Prompt:
Write out exactly, and only, the lines below from the line with "Колибри делают маленькими, жар-птиц" through the line with "按照南方财富网概念查询工具统"; pictures do not belong in the copy.

Excerpts from a dataset:
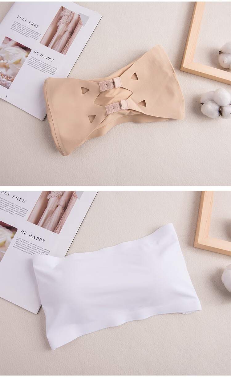 Renlofer strapless bra-wrapped tube top and beautiful back Internet celebrity suspender bra women's bottoming top off-shoulder push-up bra 2-pack white 2-piece
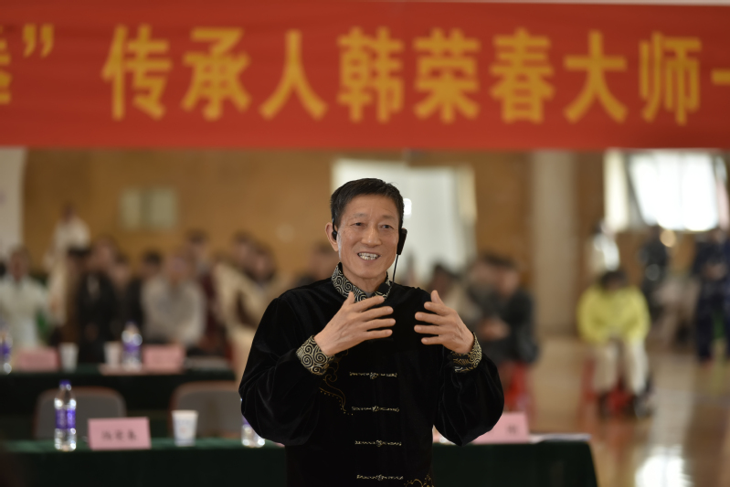 “阴阳双合拳”由元末明初武术家杨艺融合少林、武当之长所创,以中医经络学为基础,通过螺旋缠绕、牵拉拽引、敲击振穴等手法,疏通经络、平衡阴阳,兼具养生与技击功能。韩荣春身着玄色练功服登台,以“阴阳双合拳”起手式揭开序幕;伴随“气沉丹田,力贯四梢”的浑厚嗓音,向大家讲解了“阴阳双合拳”内练心意灵感气,外练神韵筋骨皮的特色内涵,并演示了“左右缠六经”“击海关”“震膻中”等经典动作。其拳法刚柔并济,如清风拂柳又似雷霆万钧,展现了少林拳的刚猛与武当太极的绵柔。韩荣春强调,“阴阳双合拳”不仅是武术,更是养生智慧的结晶。
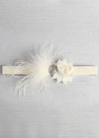 This simple velvet elegant garter is decorated with a chiffon shabby flower and feathers. The look is complete with a sparkly rhinestone brooch.
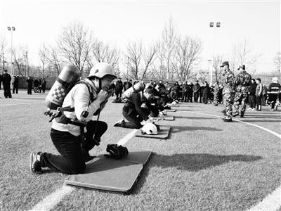 近日,海淀区四季青镇在海淀消防支队组织开展了2019年度微型消防站实战演练大比武。本次比赛共有22支队伍参赛,比赛项目贴近实战,包括一人两盘水带连接操作、佩戴空气呼吸器、穿戴战斗服3个比赛项目。本报记者 周美玉 摄影报道
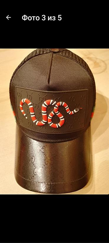 Черная кепка-бейсболка с фактурным логотипным тиснением и нашивкой спереди: на прямоугольной панели рельефная змея в красно-бело-черных цветах на фоне паттерна с повторяющимися двойными «G». Изогнутый козырек также с тисненым монограммным рисунком. Сетчатые боковые и задние панели для вентиляции, классическая шестиклинка, сверху — пуговица. По бокам видны полосы в зеленом и красном цветах. Регулируемая посадка на затылке.
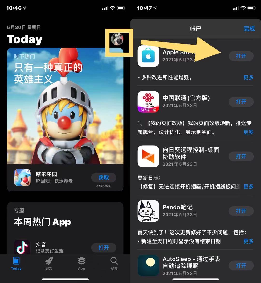 问题被标记为 排名最靠前的回复 以下用户的用户个人资料: PeterLee0991 PeterLee0991 用户级别: 级别 6 17,099 积分 2021年5月29日 下午7:51 回应 handsomepan 1 打开App Store2 点击右上角头像3 之后往下拉 就可以看到能够被更新的APP 回复 链接
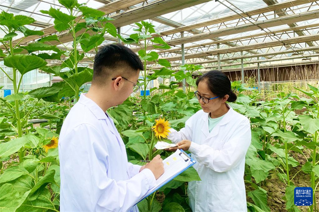 6月14日,在內蒙古巴彥淖爾市五原縣,三瑞農科向日葵技術研究院科研人員在觀察向日葵抗病害情況。新華社記者 李云平 攝
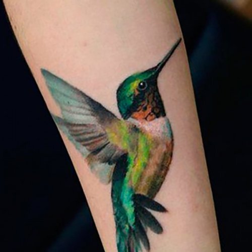 Колибри делают маленькими, жар-птиц — большими. Первые обычно цветастые, вторые — жёлто-оранжевые или из чёрного контура. Две противоположности, которые выглядят интересно в любом стиле, и мы расскажем об обеих. ЗНАЧЕНИЯ ТАТУ КОЛИБРИ Самая маленькая птичка на планете — некоторые виды колибри размером не больше шести сантиметров и весом полтора-два грамма. Это единственные птицы, умеющие летать назад. Они подвижные, манёвренные и очень быстрые, поэтому основные значения тату с колибри — свобода, скорость, энергия. В племенах майя из перьев колибри готовили любовные зелья, поэтому иногда татуировка с этой птицей означает любовь — и у тех, кто её нашёл, и у тех, кто только в поисках. «Сейчас обычно человек сам себе выбирает значение. Ему или ей может просто нравиться колибри, никто не запрещает. Мы даже не советуем опираться на смысл — можно просто увидеть интересную картинку в интернете и сделать её»
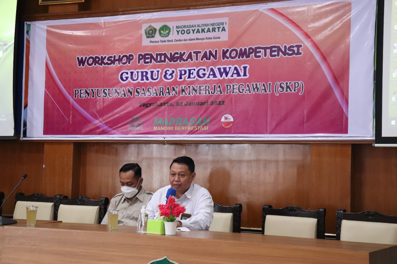 Yogyakarta (MAN 1 Yogya) — Sasaran Kinerja Pegawai (SKP) adalah sarana untuk penilaian kinerja Aparatur Sipil Negara (ASN), isinya berupa rencana kerja dan target pegawai. Mulai Juli 2021 terdapat perubahan penyusunan SKP. Untuk memberikan pemahaman mengenai teknis penyusunan SKP berdasarkan peraturan terbaru, MAN 1 Yogyakarta selenggarakan workshop penyusunan SKP, Senin (24/1/2022), di Aula lantai 2 MAN 1 Yogyakarta.
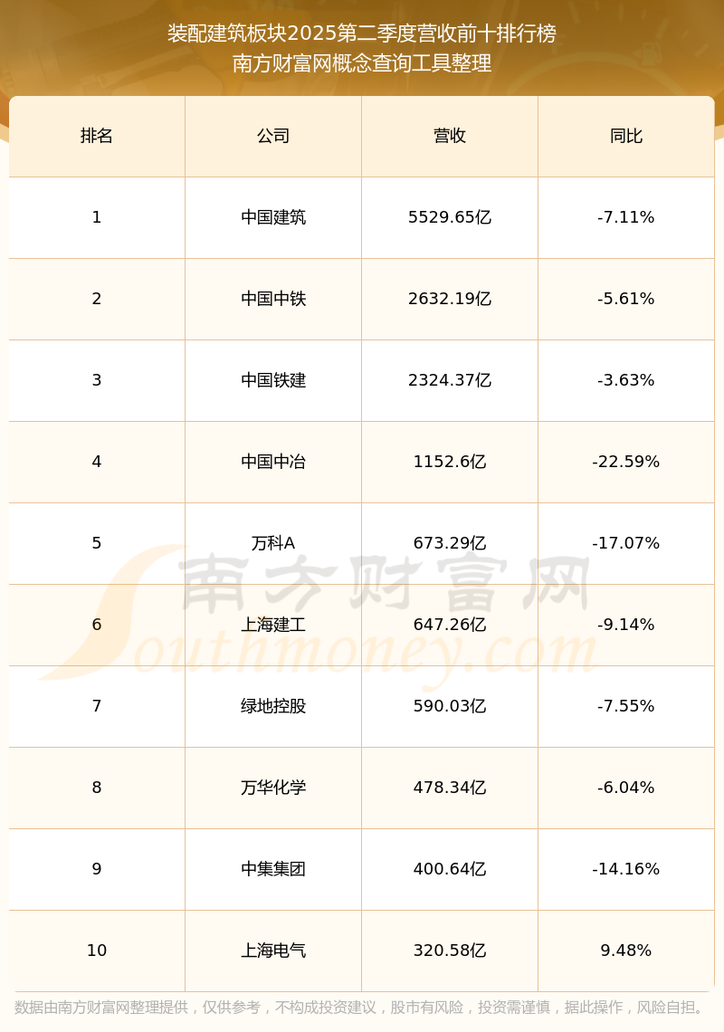 按照南方财富网概念查询工具统计,该股所属板块为装配建筑板块,该板块共有95只股票,惠达卫浴2025第二季度营收在该板块中排名为第47名,该板块2025第二季度营收排名前十的股票如下表:
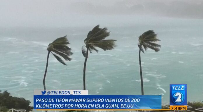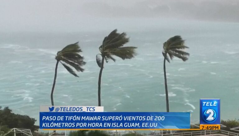El paso del tifón Mawar en la madrugada de ese miércoles 24 de mayo sobre la Isla de Guam en Estados Unidos ha causado varios daños, un informe del Servicio Meteorológico Nacional señaló que los vientos máximos de Mawar superaban los 200 kilómetros por hora.
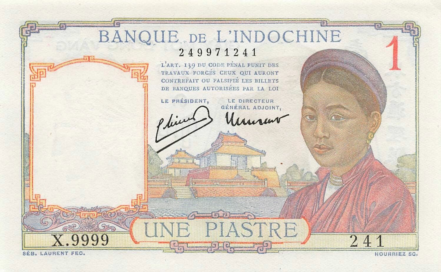 Home > World Banknotes > Asian Banknotes > French Indochina > French Indo-China 1 Piastre - ND (1949) - P.54e
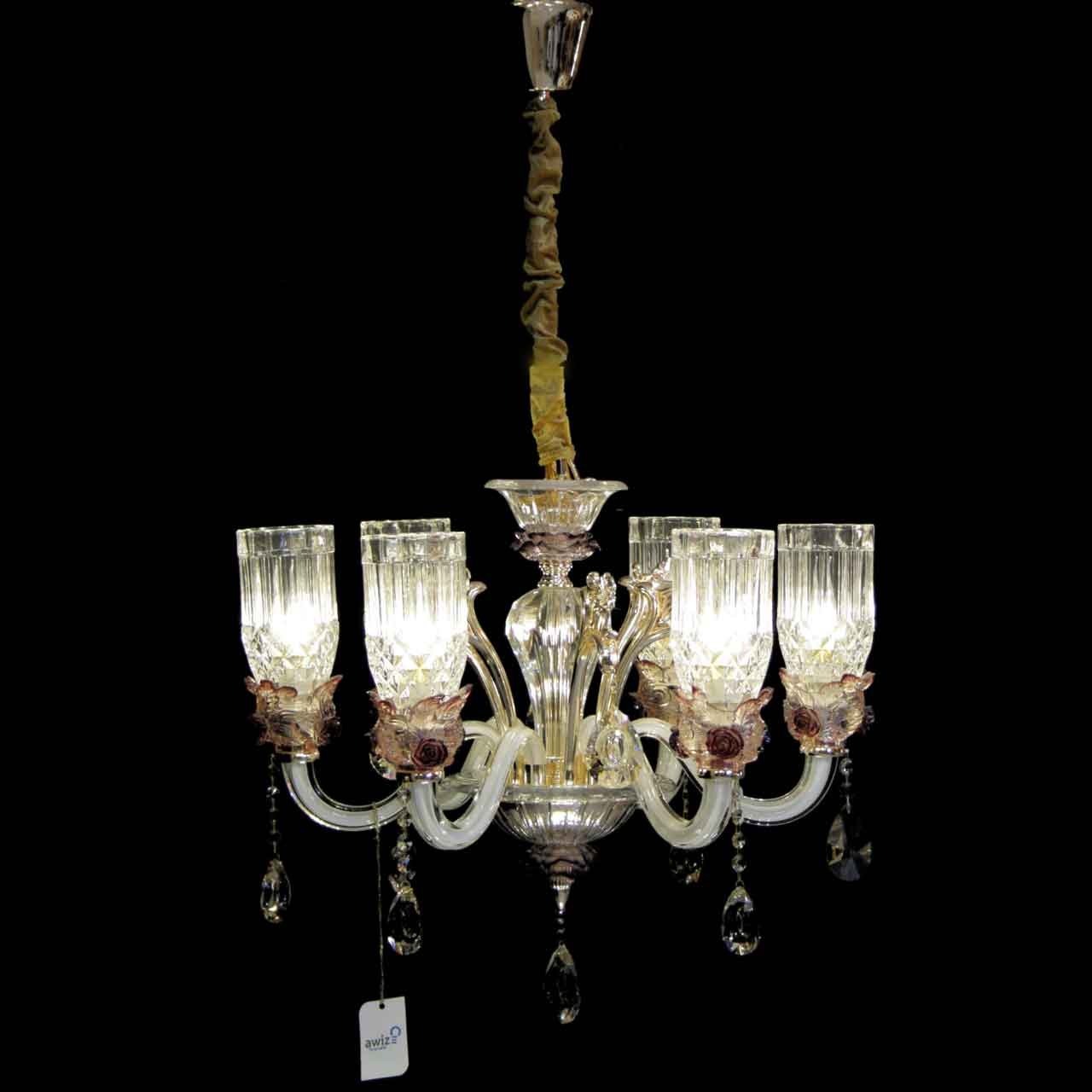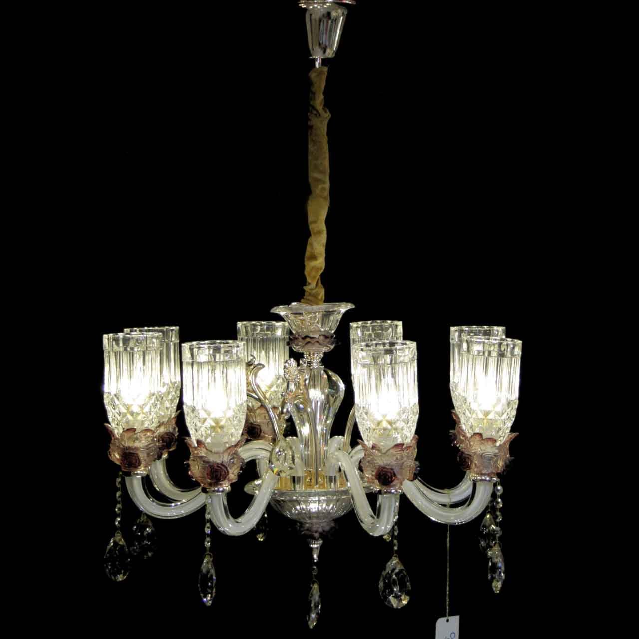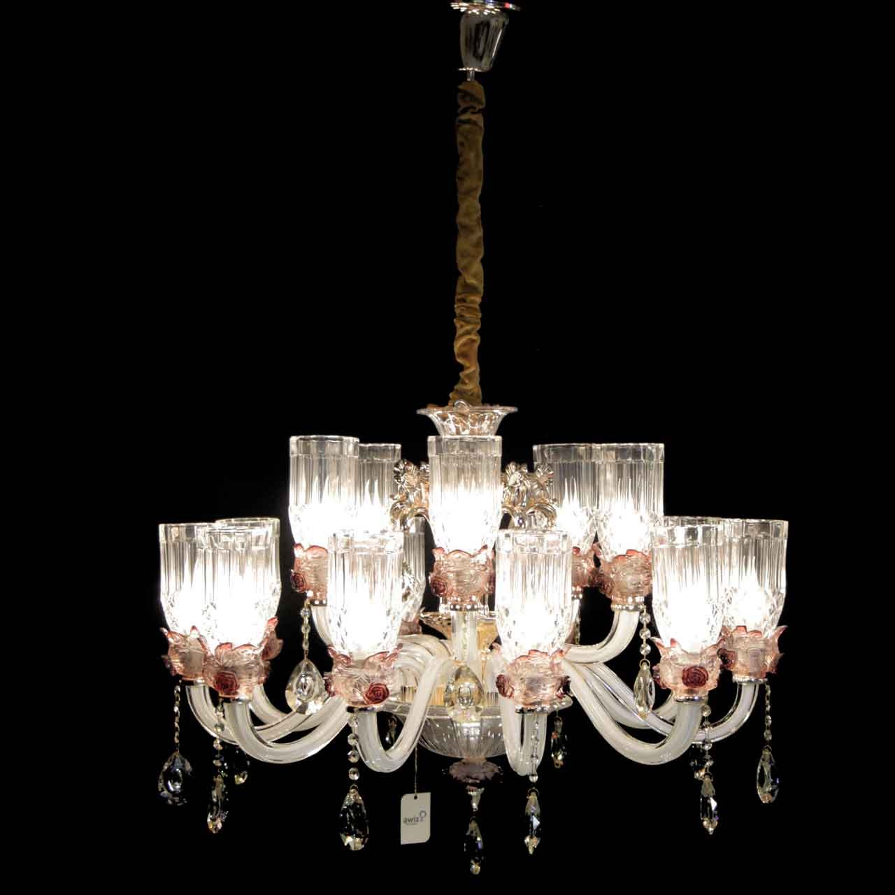 Kristal cam kollu, kesme kristal fanuslu, pembe kuvars detaylı avize. 6, 8 ve 12 kollu versiyonları mecuttur.
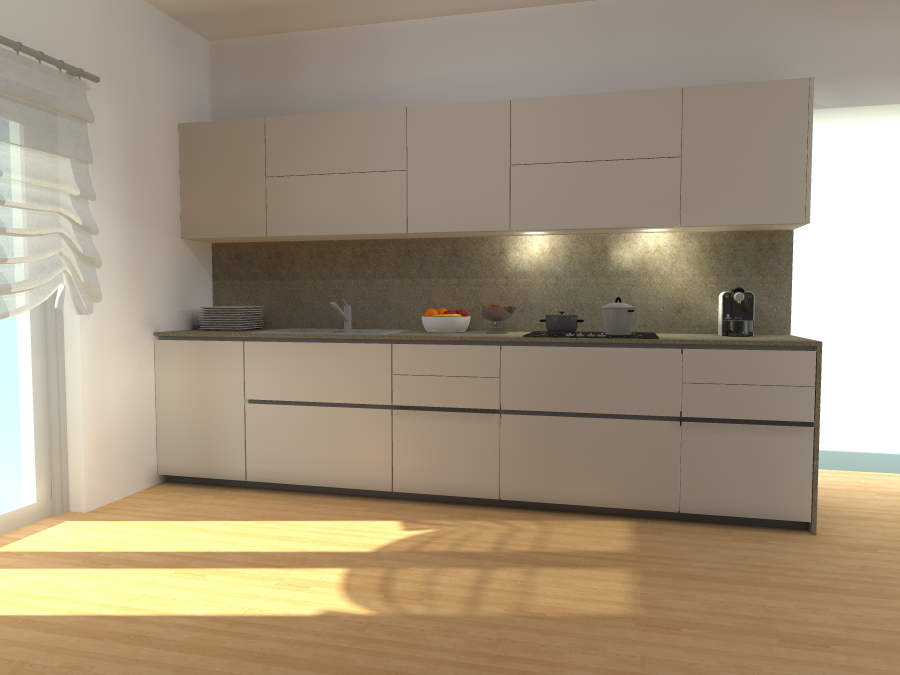 Le ante sono state realizzate in melaminico canapa, abbinate a strutture in melaminico grigio londongray e a gole e zoccolo h.6 in alluminio.
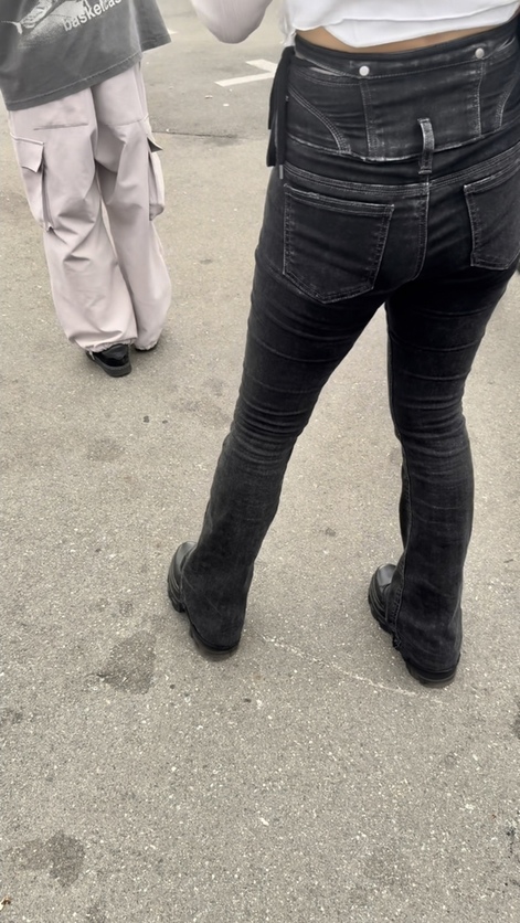 1人目は両手に買い物袋のパツパツフレアデニムのお姉さん
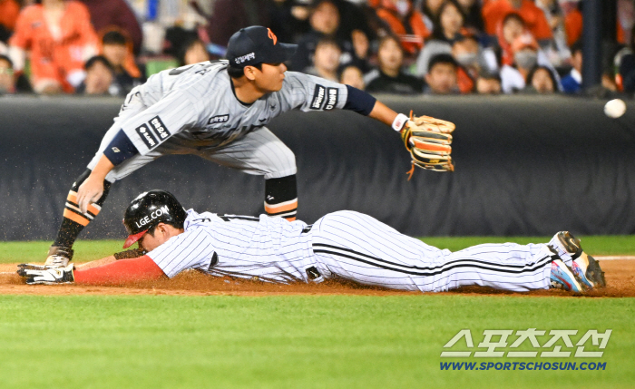 박동원이 한화 선발 왕옌청의 145km 직구를 받아쳐 중전 안타를 만들었다. 타구가 중견수 앞에 떨어지는 순간 1루 주자 오지환은 3루까지 과감하게 파고들었다. 오지환은 몸을 던지며 헤드퍼스트 슬라이딩을 시도했다.
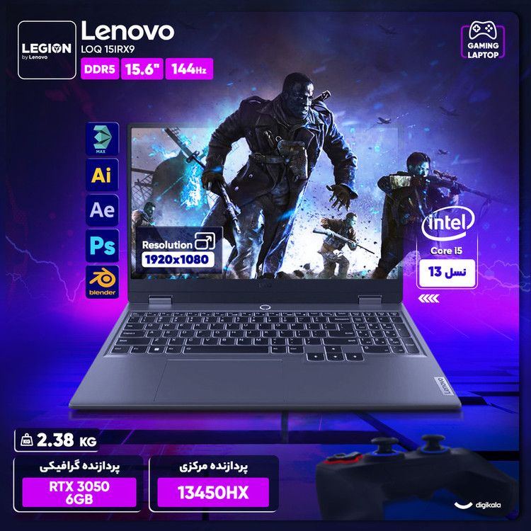 مدل LOQ 15IRX9 از سری LOQ لپتاپهای لنوو، یکی از بهترین لپتاپ های میان رده مخصوص بازی موجود در بازار به شمار میآید. این لپتاپ از طراحی بهروز و چشم نوازی برخوردار است که نظر اکثر گیمرها را به خود جلب میکند. بدنه به صورت کلی 2.38 کیلوگرم وزن دارد. صفحه نمایش 15.6 اینچی با پنل IPS این مدل یکی از نقاط قوت آن محسوب میشود. رزولوشن نمایشگر Full HD (1920 x 1080) بوده و نرخ بهروزرسانی 144 هرتزی دارد و در کنار پشتیبانی از فناوری G-SYNC تجربهای روان و لذت بخش برای گیمرها به همراه خواهد داشت. پنل مذکور در کنار دقت رنگ بالایی که دارد؛ تا حداکثر 300 نیت روشنایی تولید میکند که به کمک پوشش مات ضد انعکاس برای استفاده در محیطهای پرنور هم مناسب خواهد بود. این لپتاپ به پردازنده مرکزی قدرتمند نسل 13 اینتل مدل Core i5 13450HX مجهز شده که از 10 هسته و 16 رشته پردازشی بهره میبرد. این پردازنده از دامنه فرکانس 1.8 تا 4.6 گیگاهرتزی به همراه 20 مگابایت حافظه کش برخوردار است. در ضمن پردازنده گرافیکی مجتمع UHD Graphics اینتل در این مدل به کار گرفته شده. برای پردازش بازیها و امور گرافیکی سنگین، پردازنده گرافیکی GeForce RTX 3050 با 6 گیگابایت حافظه GDDR6 اختصاصی در دل لپتاپ تعبیه شده که از فناوری DLSS هم پشتیبانی میکند. به این ترتیب این سیستم از توانای کافی برای اجرای بازیهای جدید با تنظیمات گرافیکی بالا و نرخ فریم مناسب برخوردار است. حافظه رم DDR5 با سرعت 4800 مگاهرتز، در کنار حافظه SSD از نوع PCIe NVMe M.2 نسل 4، سرعت بالای این لپتاپ را در بوت، اجرای همزمان برنامهها و انتقال فایلها تضمین میکنند و تجربه کاربری را بهبود میبخشند. باتری چهار سلولی با ظرفیت 60 وات ساعت و کیبورد با نور پس زمینه سفید از دیگر ویژگیهای مهم LOQ 15IRX9 به شمار میآیند.

Output of the exercise:
 Колибри делают маленькими, жар-птиц — большими. Первые обычно цветастые, вторые — жёлто-оранжевые или из чёрного контура. Две противоположности, которые выглядят интересно в любом стиле, и мы расскажем об обеих. ЗНАЧЕНИЯ ТАТУ КОЛИБРИ Самая маленькая птичка на планете — некоторые виды колибри размером не больше шести сантиметров и весом полтора-два грамма. Это единственные птицы, умеющие летать назад. Они подвижные, манёвренные и очень быстрые, поэтому основные значения тату с колибри — свобода, скорость, энергия. В племенах майя из перьев колибри готовили любовные зелья, поэтому иногда татуировка с этой птицей означает любовь — и у тех, кто её нашёл, и у тех, кто только в поисках. «Сейчас обычно человек сам себе выбирает значение. Ему или ей может просто нравиться колибри, никто не запрещает. Мы даже не советуем опираться на смысл — можно просто увидеть интересную картинку в интернете и сделать её»
 Yogyakarta (MAN 1 Yogya) — Sasaran Kinerja Pegawai (SKP) adalah sarana untuk penilaian kinerja Aparatur Sipil Negara (ASN), isinya berupa rencana kerja dan target pegawai. Mulai Juli 2021 terdapat perubahan penyusunan SKP. Untuk memberikan pemahaman mengenai teknis penyusunan SKP berdasarkan peraturan terbaru, MAN 1 Yogyakarta selenggarakan workshop penyusunan SKP, Senin (24/1/2022), di Aula lantai 2 MAN 1 Yogyakarta.
 按照南方财富网概念查询工具统计,该股所属板块为装配建筑板块,该板块共有95只股票,惠达卫浴2025第二季度营收在该板块中排名为第47名,该板块2025第二季度营收排名前十的股票如下表:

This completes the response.